Another grin slid across her face, this one as easy as melted butter. Yup, he knew that look, too. He bet his poor doorman hadn't stood a chance. "I may have also brought him a dozen bagels from Hot and Crusty, which may or may not be his favorite bagel place."
He leaned a weary shoulder against the frame. "Good to hear Doorman Benny can be bribed with a few bagels and a tub of cream cheese."
"Pecan honey cream cheese." She tucked a curl behind her ear, all innocent and sweet. "Are you going to let me in?"
"That depends." He scrubbed at his unshaven face with his hands. Did she really think she could bust in and steamroll him with breakfast? "Are you going to tell me what you're doing here?" When she didn't answer, he reframed the question. "Jane, what the hell do you want?"
She smiled and looked up at him from beneath her lashes. "What makes you think I want something?"
He ticked off a list of reasons on his fingertips. "Let's see. That smile, that look, the fact that the last time I set eyes on you was six months ago, the fact that you've avoided me ever since. And, oh yeah, the fact that you called thirteen times this morning. Even left a message."
"You refused my calls, so I decided to stop by and up the ante." Her hip jutted to one side in that uncompromising way of hers. "Guess I'm not a straight-to-voicemail kind of girl."
Oh, and what about all the times she'd avoided his calls? Nah, he wouldn't go there. Better to find out exactly what she wanted and be done with it. Dredging up the past wouldn't change anything.

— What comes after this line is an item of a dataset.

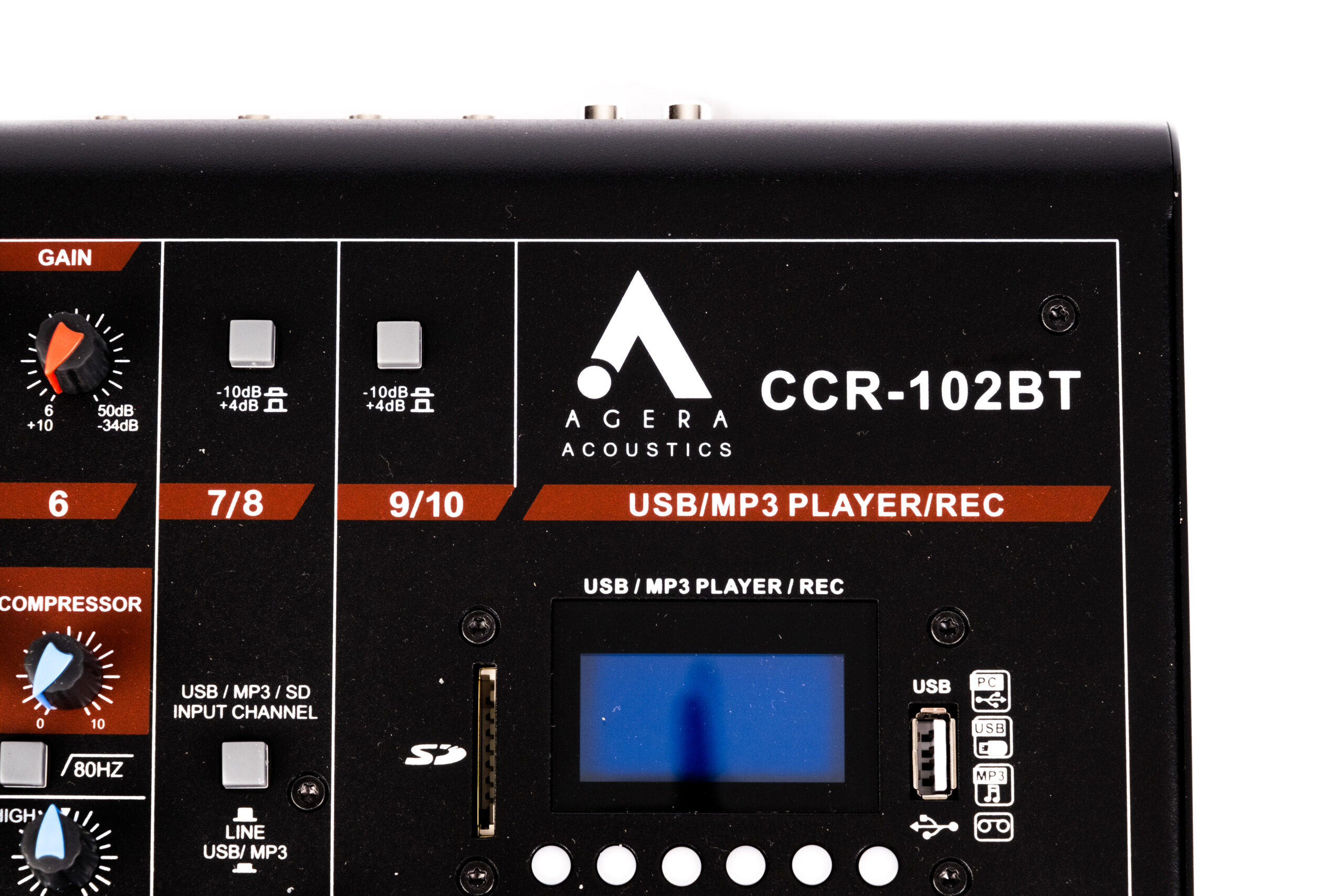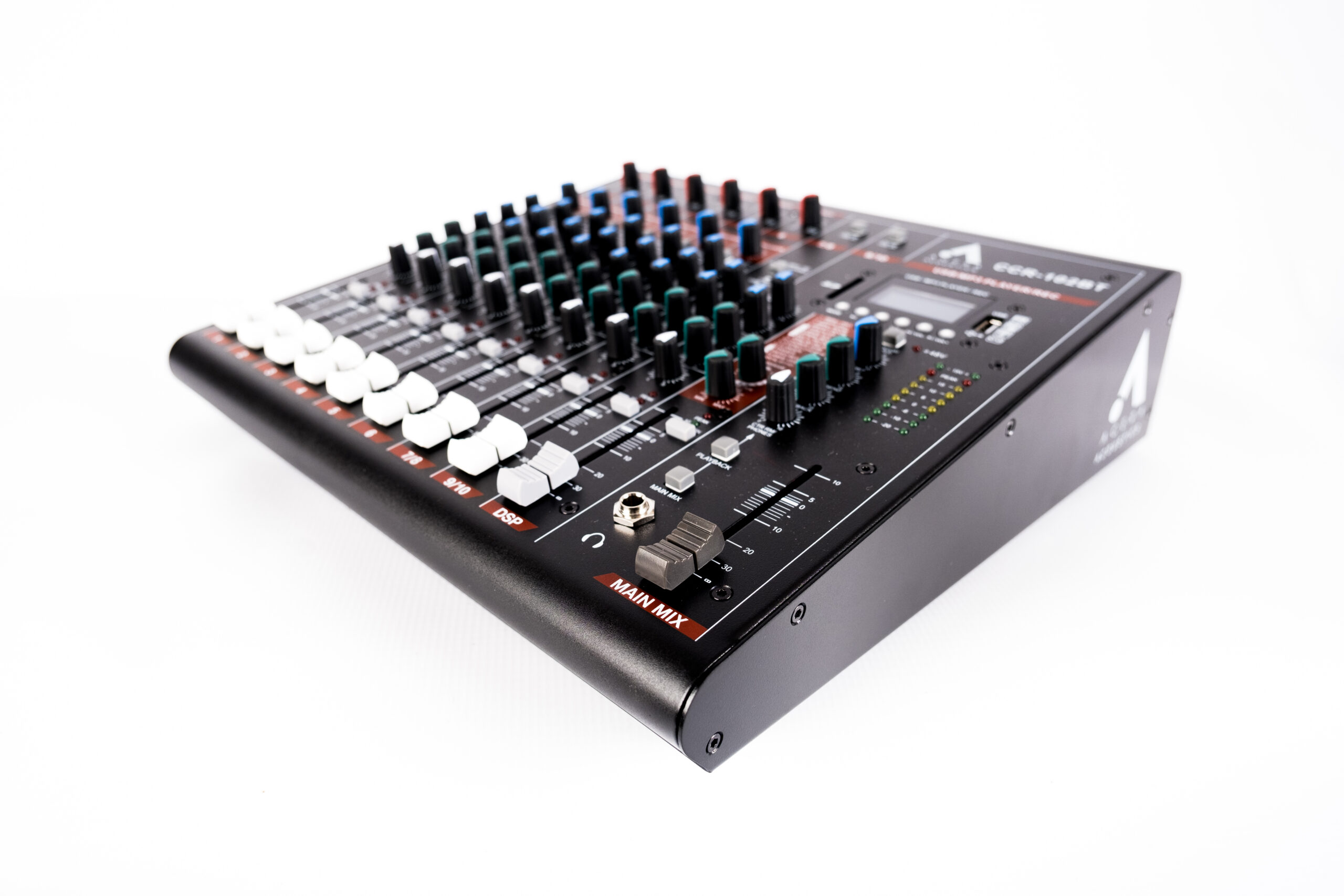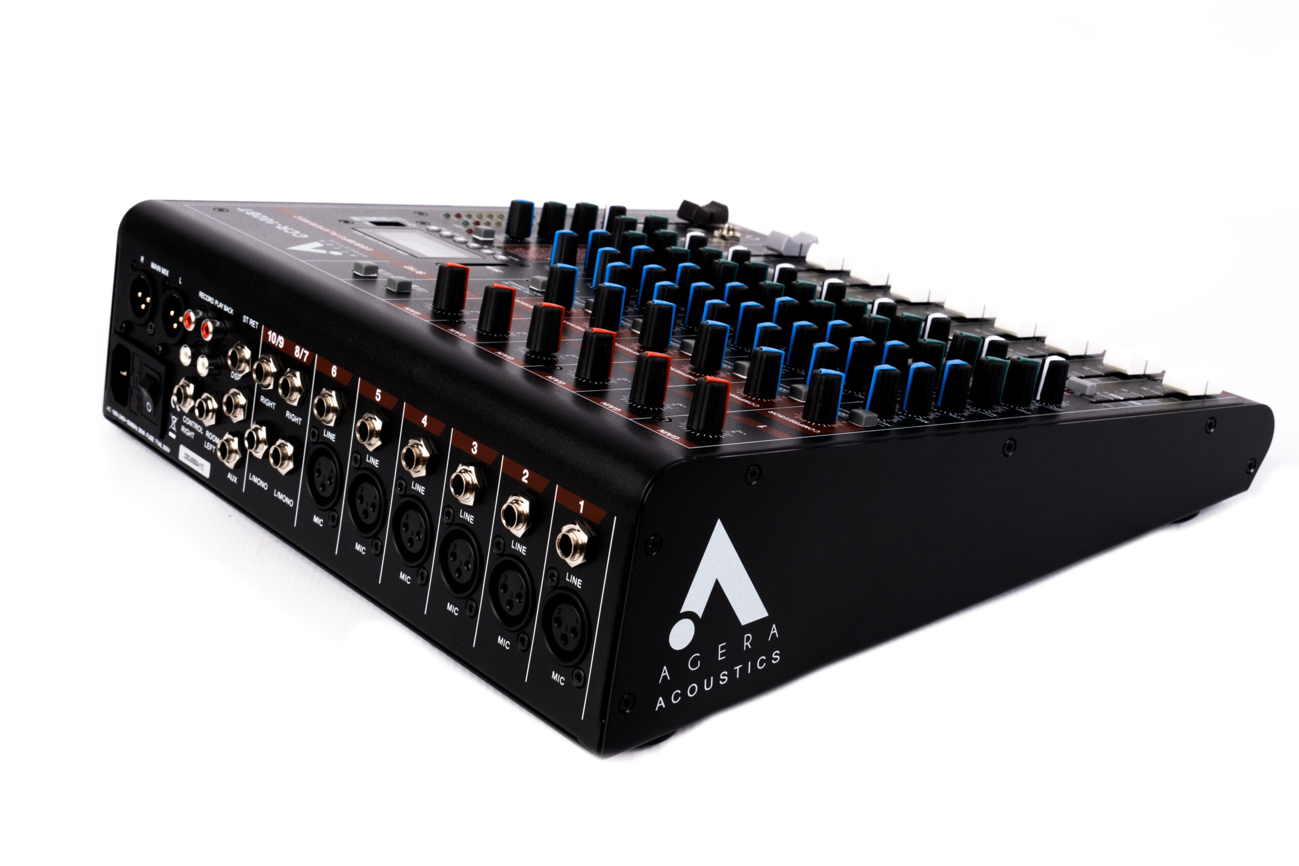 Agera Acoustics is proud to offer our range of analog mixing consoles which have been miticulously designed from the ground up, with you, the prosumer in mind. Our mantra of providing customers with the ultimate in quality performance for the cost, is extended throughout the range of consoles we have painstakingly engineered. All our consoles, from the smallest format, to our largest format, feature “A” grade, British pre-amps for the cleanest sound reproduction possible. Our “BT” series mixers include a media player incorporating bluetooth, USB, MP-3 playback, SD Card and recording functions, microphone and stereo line level inputs, as well as a built-in effects unit and compressors on each mic channel. This makes the “BT” series a clever, all-in-one solution for the gigging one man band, up to a full band requiring mutliple inputs and functionality. Our “U” series consoles have extended sweepable mids, 4 Aux channels, effects unit with 100 built-in effects and a built-in USB interface, while our flagship console, the CCR-2642 PRO includes all the above functions, plus separate phantom power on each mic channel, sweepable low and high mids on eq function, and 6 aux channels, as well as separate sub groups (4 sub groups) and main left and right output control. So, what are you waiting for. Come join our family. There’s an Agera Acoustics console waiting to help fulfil your musical destiny.

"Tell me what you're doing here, Jane, and give it to me straight. We both know you don't flirt without an agenda." She wet her lips to object, but he held up his palm. "Don't even try to pretend those bagels aren't flirting."
"Can't a girl stop by for breakfast?" She peeked around the doorframe, and her neckline dipped enough to give him a glimpse of what he had missed. "Unless you're not alone?"
"I'm alone. But I'm only letting you in if you drop the act." His eyes fell to the deep V of her shirt and he weighed his options. Grab the bagels and shut the door, or let her in and hear her out. He took the bag and waved her curves inside.
Her sweet vanilla scent filled the air as she strolled past him like she owned the damned place. As usual, it sent his brain into a tailspin. His thoughts detoured to the street games they'd played as kids, before returning to the more risqué games they'd played as adults.
He kicked the door closed and followed her into his Man Kitchen — concrete floors, stainless steel appliances, granite countertops, but not a lot of actual food or supplies. She dropped her parka on the table before working her way through his mostly-empty cabinets, collecting the stuff to make coffee.
Normally, he got coffee at the corner store, but he still kept some on hand for Janey. Before The Cocktail Napkin Incident, they'd hung out all the time. Poker nights, pasta nights, martini Tuesdays. She'd bought him that damn coffee maker with its automatic timer and programmed it for him so when he finally woke after his long-ass shifts, he'd have a hot pot of French vanilla or mocha or whatever frou-frou flavored roast she'd insisted he try. Shit, he'd even grown fond of that holiday spiced java.
Some old habits needed a sledgehammer.
"You look good," she said, all casual and easy, like it was just another morning,
Now, there was a curve ball. Playing the whole for-old-time's-sake card.
"Yeah, well, you always liked the unshaven look."
"A lot of women do. Like the unshaven look." She bit her bottom lip. "A lot of perfectly nice, perfectly dateable women."